From: Piers O'Hanlon <p.ohanlon@gmail.com>
In-Reply-To: <201210231849.q9NIngtU021236@bagheera.jungle.bt.co.uk>
Date: Tue, 23 Oct 2012 22:08:24 +0100
Content-Transfer-Encoding: quoted-printable
Message-Id: <4F541946-BEB3-45C4-8167-349322CEA8F4@gmail.com>
References: <201210191729.q9JHTarm031903@bagheera.jungle.bt.co.uk> <89AE31B0-17D3-4526-BDF9-A4CE9578B5F1@gmail.com> <201210231849.q9NIngtU021236@bagheera.jungle.bt.co.uk>
To: Bob Briscoe <bob.briscoe@bt.com>
X-Mailer: Apple Mail (2.1283)
Cc: Ken Carlberg <ken.carlberg@gmail.com>, tsvwg IETF list <tsvwg@ietf.org>
Subject: Re: [tsvwg] Review of draft-carlberg-tsvwg-ecn-reactions-03
X-BeenThere: tsvwg@ietf.org
X-Mailman-Version: 2.1.12
Precedence: list
List-Id: Transport Area Working Group <tsvwg.ietf.org>
List-Unsubscribe: <https://www.ietf.org/mailman/options/tsvwg>, <mailto:tsvwg-request@ietf.org?subject=unsubscribe>
List-Archive: <http://www.ietf.org/mail-archive/web/tsvwg>
List-Post: <mailto:tsvwg@ietf.org>
List-Help: <mailto:tsvwg-request@ietf.org?subject=help>
List-Subscribe: <https://www.ietf.org/mailman/listinfo/tsvwg>, <mailto:tsvwg-request@ietf.org?subject=subscribe>
X-List-Received-Date: Tue, 23 Oct 2012 21:08:38 -0000

Bob,

On 23 Oct 2012, at 19:49, Bob Briscoe wrote:

> Piers,
> 
> At 16:19 23/10/2012, Piers O'Hanlon wrote:
>> Hi Bob,
>> 
>> Thanks for the review. Comments inline.
>> 
>> On 19 Oct 2012, at 18:29, Bob Briscoe wrote:
>> 
>> > Ken & Piers,
>> >
>> > I finally got round to reviewing this draft.
> 
> 
>> > S.3.1
>> > "  TFRC ... is seeing ... deployment in .... Empathy/Farsight, and GoogleTalk [googl].
>> >
>> >   However it should be noted that TFRC is only recommended for real-time
>> >   media use with ECN response.
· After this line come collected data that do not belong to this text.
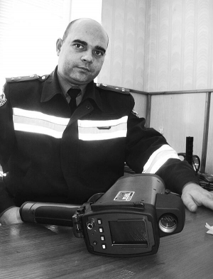 — Хранится в специальном противоударном кейсе, — продолжает инспектор. — Он делает одновременно фото и видео, устанавливает дату и время. Это своего рода сочетание цифрового фотоаппарата, видеокамеры, лазерного измерителя скорости и спутниковой навигации. Фиксировать можно любой объект на расстоянии до 1 километра 200 метров. Особенность этого радара — он использует не радиочастоту, а лазерный луч.
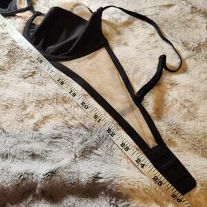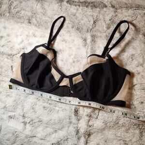 Victoria's Secret Black and Beige Mesh Unlined Luxe Lingerie Demi Bra 32D
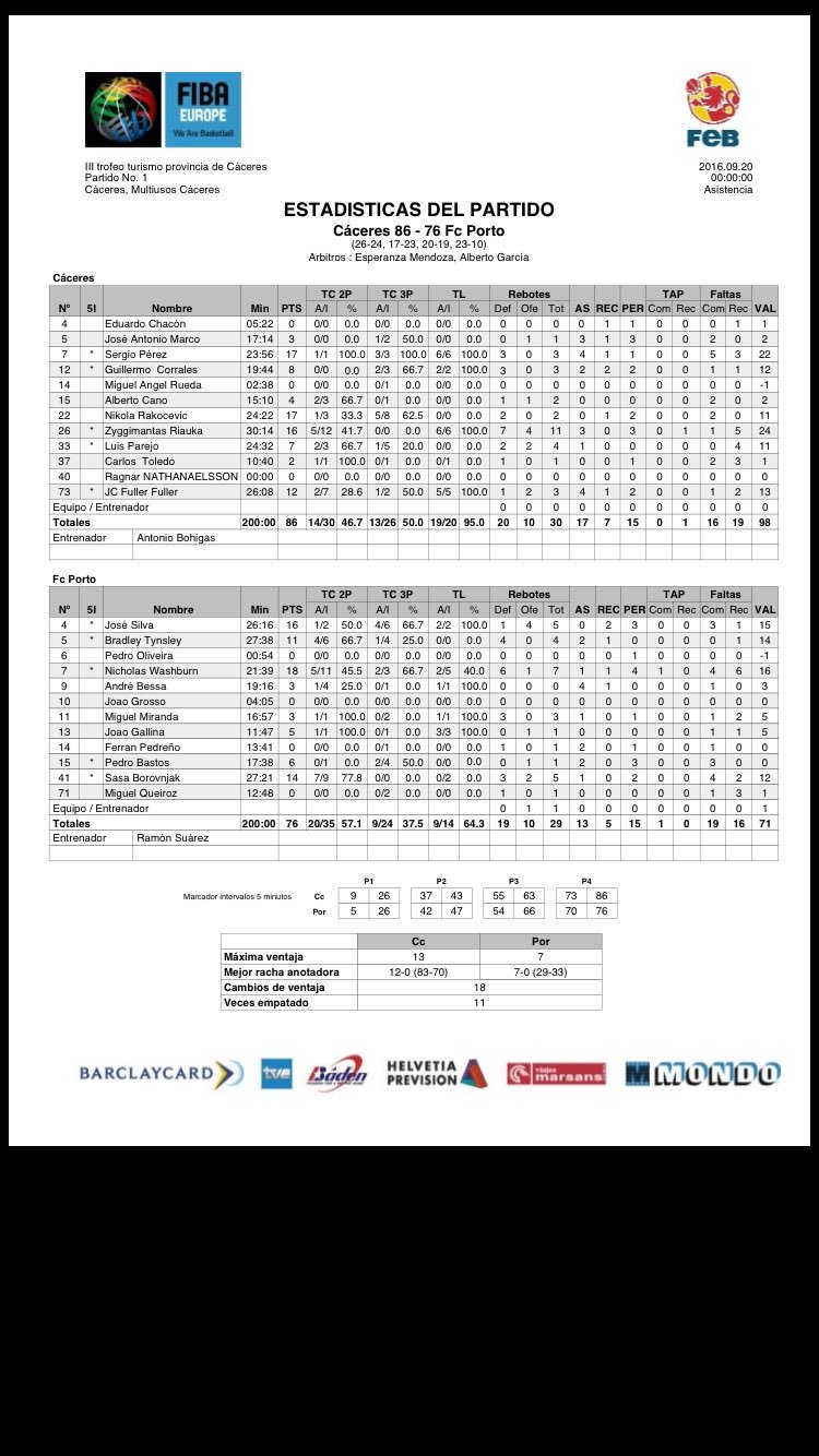 | 13-Set | Dragons Force FC Porto vs Cáceres | 92-74 | ||||
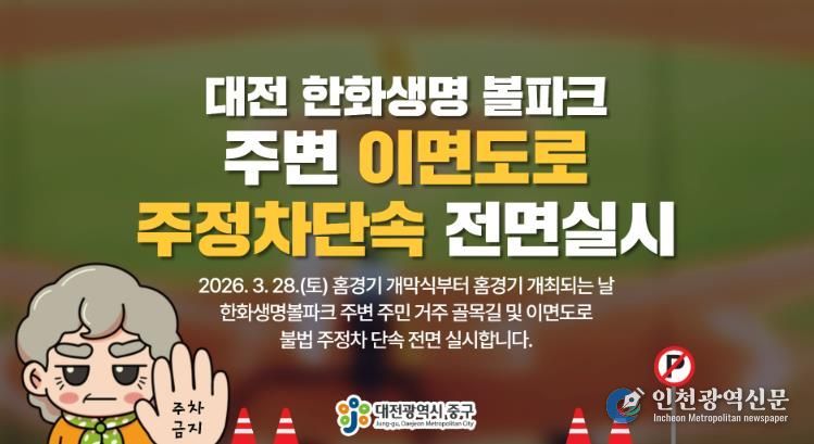 [인천광역신문] 관리자 기자 | 대전 중구는 대전 한화생명 볼파크 야구 홈경기 개막전이 열리는 오는 28일부터‘대전 한화생명 볼파크’주변의 불법주정차 단속을 전면 시행한다고 밝혔다.
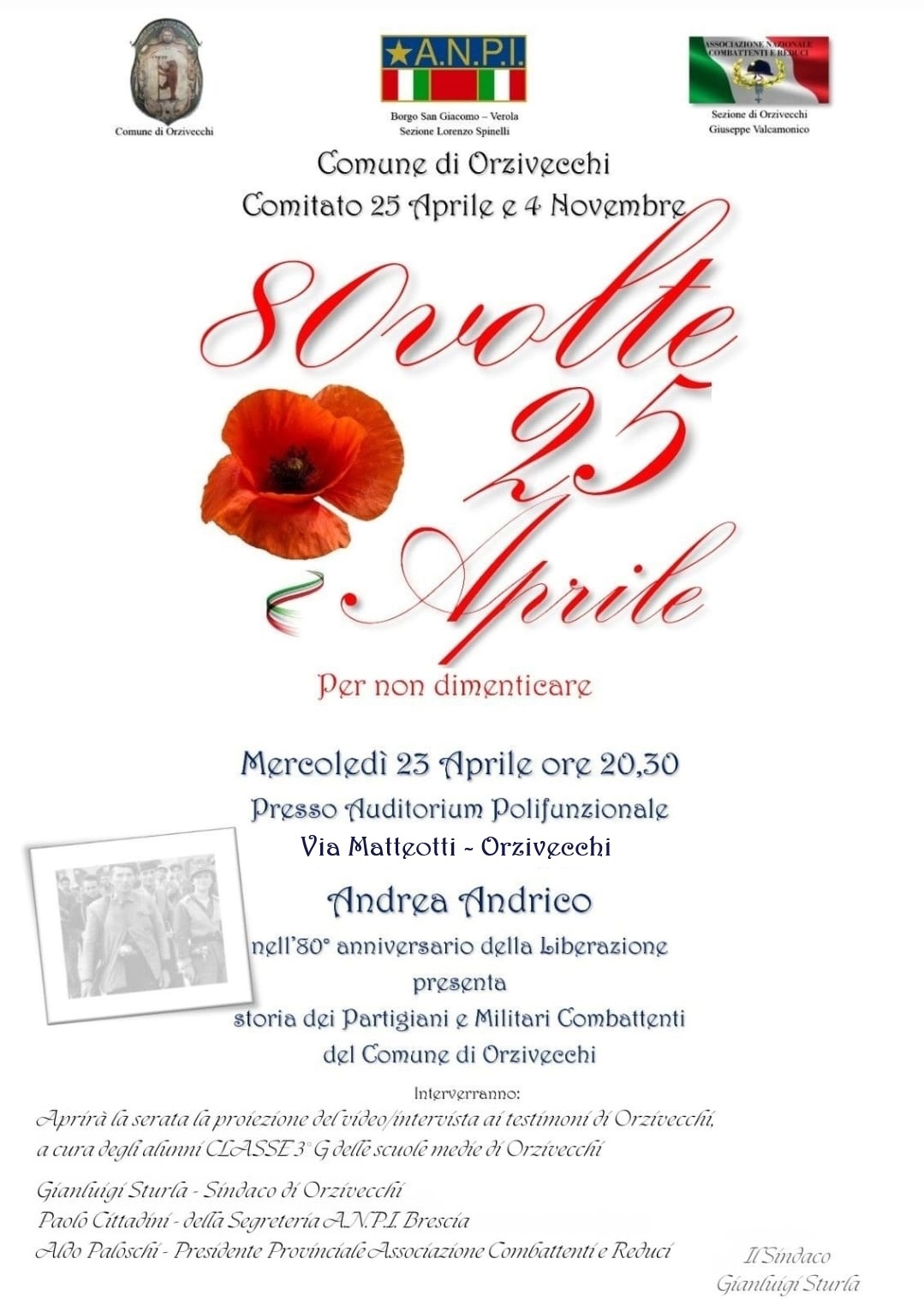 Mercoledì 23 Aprile 2025 ore 20.30 presso La Sala Manifestazioni Culturali presentazione "Storia dei Partigiani e militari combattenti del Comune di Orzivecchi" a cura di Andrea Andrico e proiezione del video intervista ai testimoni di Orzivecchi a cura degli alunni classe 3G della Scuola secondaria di primo grado di Orzivecchi
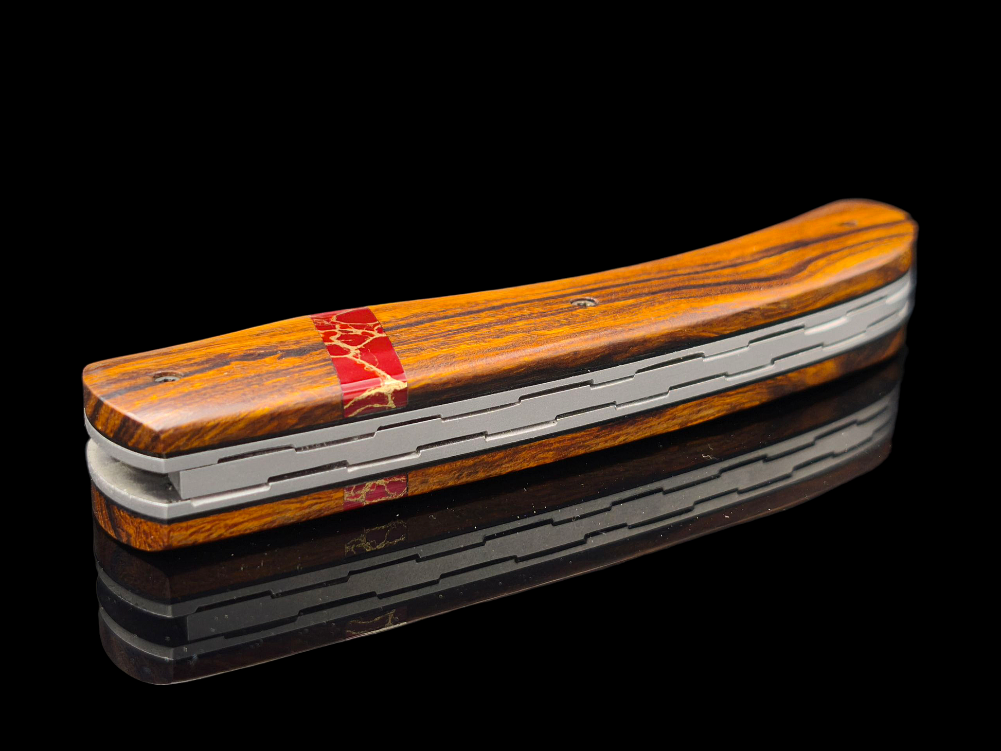 Manche en loupe de bois de fer d'Amérique, Jaspe rouge et fils d'or.
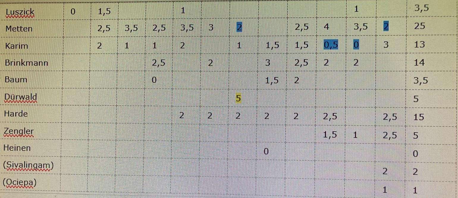Elf Teilnehmer hatte die Dezember-Runde der Vereinsschnellschach-Meisterschaft 2025. Klarer Sieger wurde Christian Vicktor (4,5/5 P) vor Martin Kramer (3,5 P) und Thomas Fleischhauer (3 P). Hier die Tabelle:
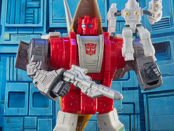 This Studio Series 86-07 Leader Class The Transformers: The Movie-inspired Dinobot Slug figure converts from robot to triceratops mode in 32 steps. Includes non-converting Daniel Witwicky figure that can sit on Dinobot Slug figure in both modes. Remove backdrop to showcase Dinobot Slug and Daniel Witwicky in the Mockery of Justice scene. In the Mockery of Justice scene, the Dinobots storm the Quintesson Courtroom to save Hot Rod and Kup, as Slug stomps over a crushed Quintesson prosecutor. Pose the figures out and re-create this classic movie moment!
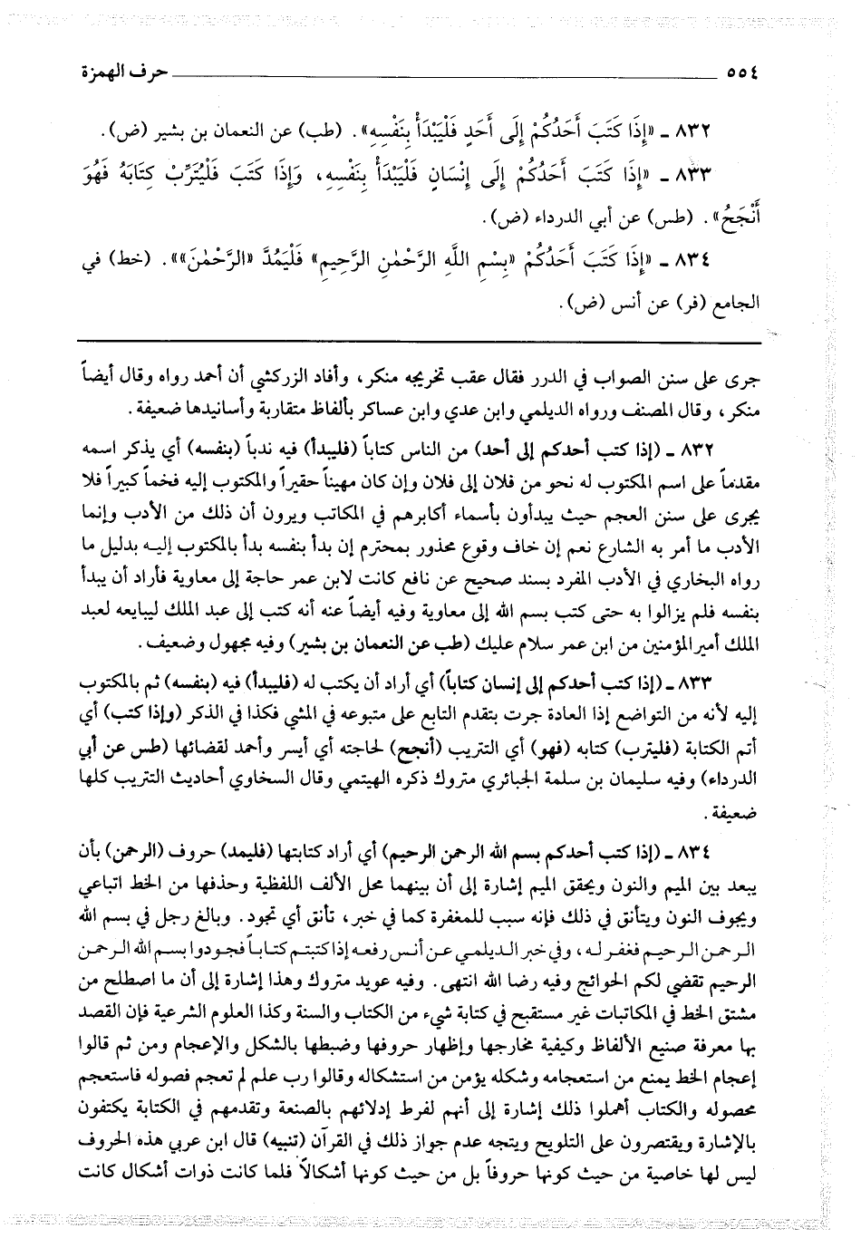 وبالغ رجل في بسم الله الرحمن الرحيم فغفر له ، وفي خبر الديلمي عن أنس رفعه إذا كتبتم كتابا فجودوا بسم الله الرحمن الرحيم تقضى لكم الحوائج وفيه رضا الله انتهى وفيه عويد متروك وهذا إشارة إلى أن ما اصطلح من مشتق الخط في المكاتبات غير مستقبح في كتابة شئ من الكتاب والسنة وكذا العلوم الشرعية فإن القصد بها معرفة صنيع الألفاظ وكيفية مخارجها وإظهار حروفها وضبطها بالشكل والإعجام ومن ثم قالوا إعجام الخط يمنع من استعجامه وكله يؤمن من استشكاله وقالوا رب علم تعجم فصوله فاستعجم محصوله والكتاب أهملوا ذلك إشارة إلى أنهم لفرط إدلائهم بالصنعة وتقديمهم في الكتابة يكتفون بالإشارة ويقتصرون على التلويح ويتجه عدم جواز ذلك في القرآن.
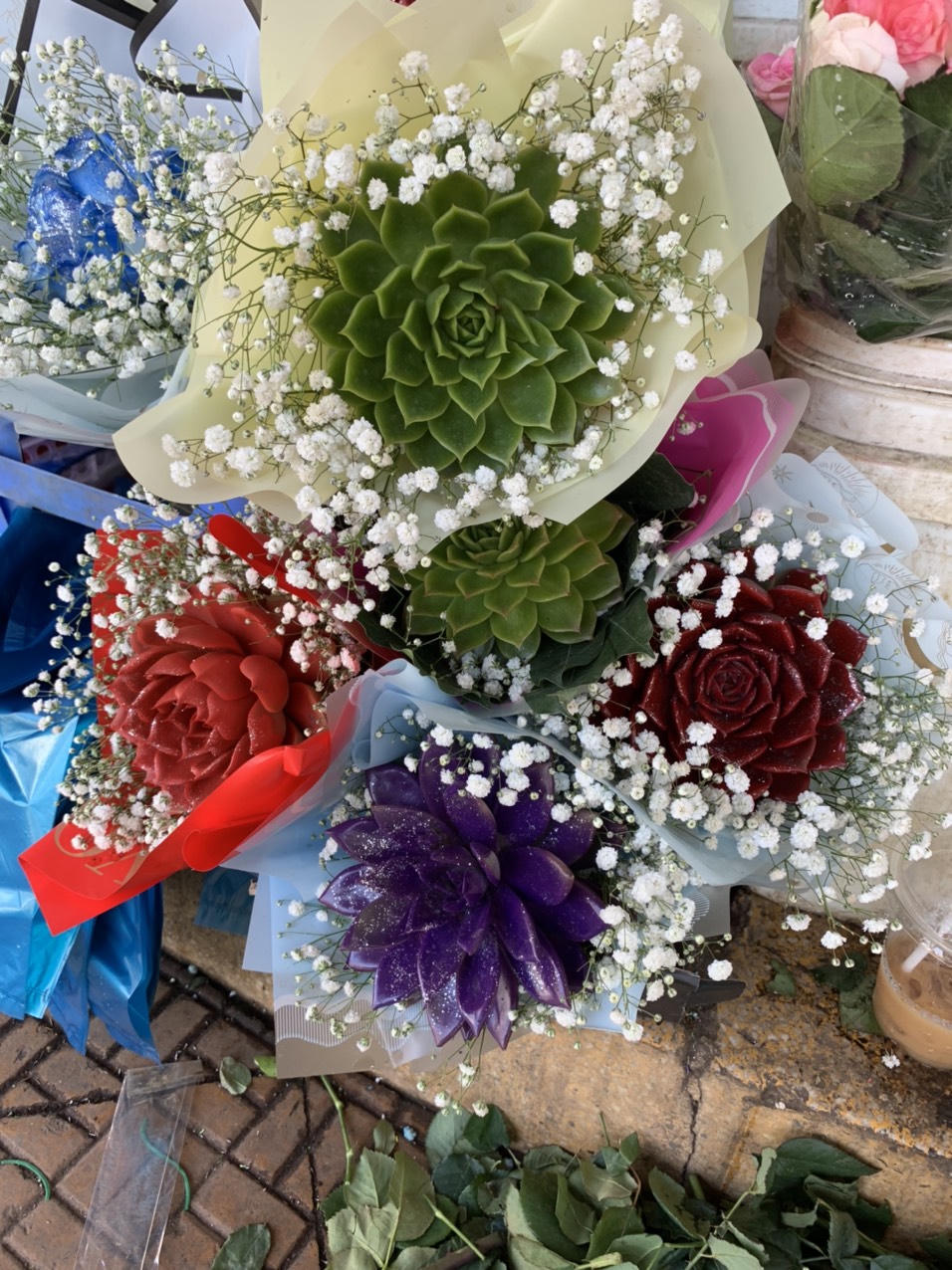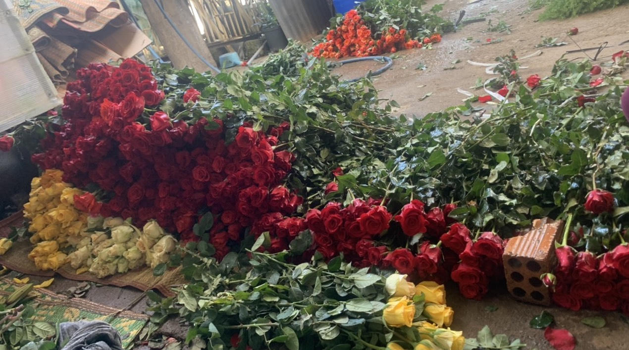 Quanh chợ Đà Lạt, hoa hồng trắng, xanh, vàng, hồng đồng giá 80 ngàn đồng/bó 10 bông; hoa hồng đỏ giá cao hơn là 130 ngàn đồng/bó 10 bông. |
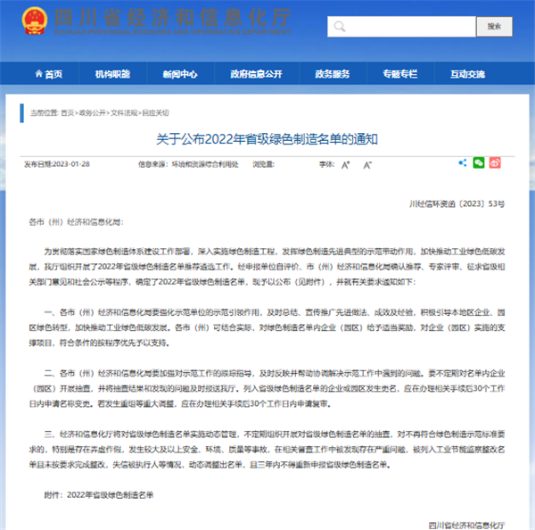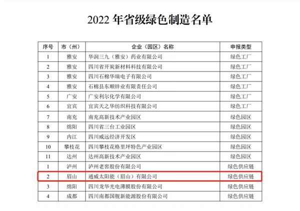 近日,四川省經濟和信息化廳網站正式公布了《2022年省級綠色制造名單》,通威太陽能眉山基地榮列其中,成為此批次眉山唯一一家獲評四川省“綠色供應鏈”管理企業(yè)。
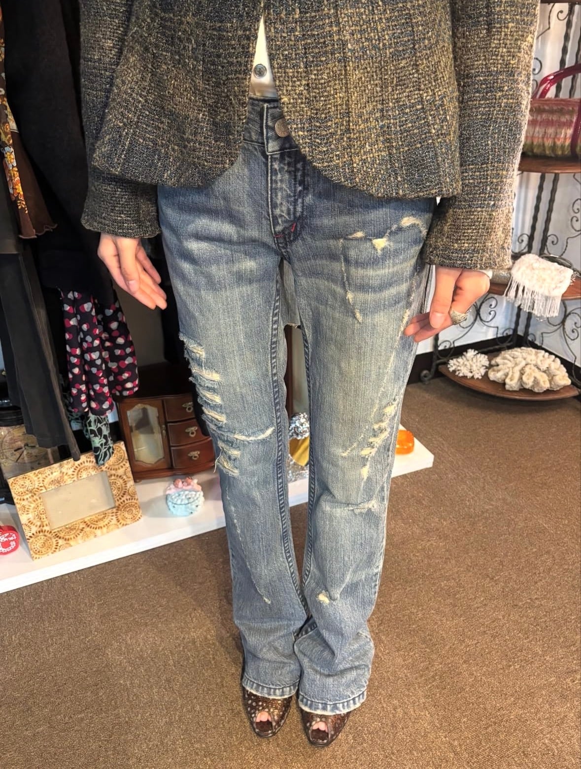 ハートのダメージが可愛いのはもちろん、デニム自体のシルエットがとても綺麗でサイズの合う方にはイチオシなアイテムです。
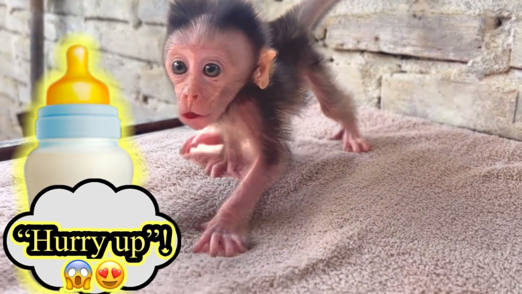 Milk time is always an exciting moment, and today Baby Monkey Mimi doesn’t waste a second 🍼🐒. The moment she hears the familiar sound of preparation, her tiny feet scramble, and she rushes forward with pure excitement. Her little arms stretch out, reaching for the milk as if she can’t wait even one more second.
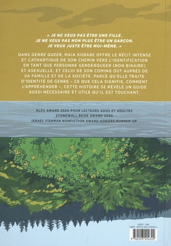 Dans Genre Queer, Maia Kobabe offre le récit intense et cathartique de son chemin vers l'identification en tant que personne genderqueer (ou non binaire, c'est-à-dire qui déroge aux normes de genre et de sexualité) et asexuelle, et celui de son coming out auprès de sa famille et de la société. Parce qu'elle traite d'identité de genre - ce que cela signifie, comment l'appréhender -, cette histoire se révèle un guide aussi nécessaire et utile qu'il est touchant.

TFRC is not recommended for non-ECN paths
>> >   due to its loss based operation which leads to full queues with
>> >   maximised latencies.
>> > "
>> >
>> > Are you saying Empathy/Farsight and GoogleTalk only recommend TFRC if with ECN, or is this document doing the recommending?
>> >
>> We're just saying that TFRC has seen some [partial] deployment in Empathy/Farsight and GoogleTalk. We suggested in the draft that if you're going use TFRC then one should use TFRC with ECN.
> 
> [BB]: My point was merely to suggest you clarify the text - putting 'recommended' in the passive voice makes it unclear whether you or Google are doing the recommending.
> 
Sure.

>> > "It is assumed that ECN markings will usually occur
>> >   with lower queue occupancy and thus lower latency. "
>> >
>> > That can't be right. RFC3168 insists that an AQM signals ECN where it would otherwise have signalled a drop for a non-ECN packet. There is only one queue for them both, so the occupancy has to be the same for both to satisfy RFC3168.
>> >
>> > The whole point of the RFC3168 requirement is to ensure that non-ECN cannot starve ECN traffic. If an AQM were to mark ECN traffic at a shorter queue length, then non-ECN traffic would drive up the (same) queue length to the larger non-ECN operating point, and the algo would be marking ECN traffic with a lot higher probability than non-ECN. ECN would then starve itself given RFC3168 insists an ECN transport is meant to react to a mark as if it were a drop.
>> >
>> > This assumption seems to be the justification for TFRC being appropriate for ECN, where it might not be for non-ECN. If the assumption isn't correct, where does that leave the main message of the document?
>> >
>> Sure - when comparing an ECN enabled RFC3168 compliant queue with and without ECN. However it depends whether the queue complies with RFC3168 - there are a number of alternative approaches using ECN but not compliant to RFC3168 - such as DCTCP and others. Also there is quite a bit of leeway in the definition of the AQM behaviour in RFC3168.
> 
> [BB]: I should have been clearer. The requirement of RFC3168 for the queue to behave equivalently for drop and ECN packets isn't just a quirk of RFC3168, it's very hard (impossible?) to avoid starvation of one or the other (ECN or non-ECN) unless the queue uses the same algorithm and parameters for both.
> 
Agreed.

>> But if one is comparing an RFC3168 queue using ECN against against a drop-tail queue then the ECN/RFC3168 queue is generally more favourable to real-time flows due to the probabilistic nature of the marking/dropping.
> 
> [BB]: Eh? There aren't two queues. There's only one. If there were two queues, it would be hard (impossible?) to know which one to serve by how much given packets sometimes arriving as  ECN and sometimes not - I suspect even an adaptive approach would just end up looking like a single FIFO.
> 
I was talking of a more of general comparison where one might consider running TFRC on a droptail based network vs another one than runs ECN enabled queues.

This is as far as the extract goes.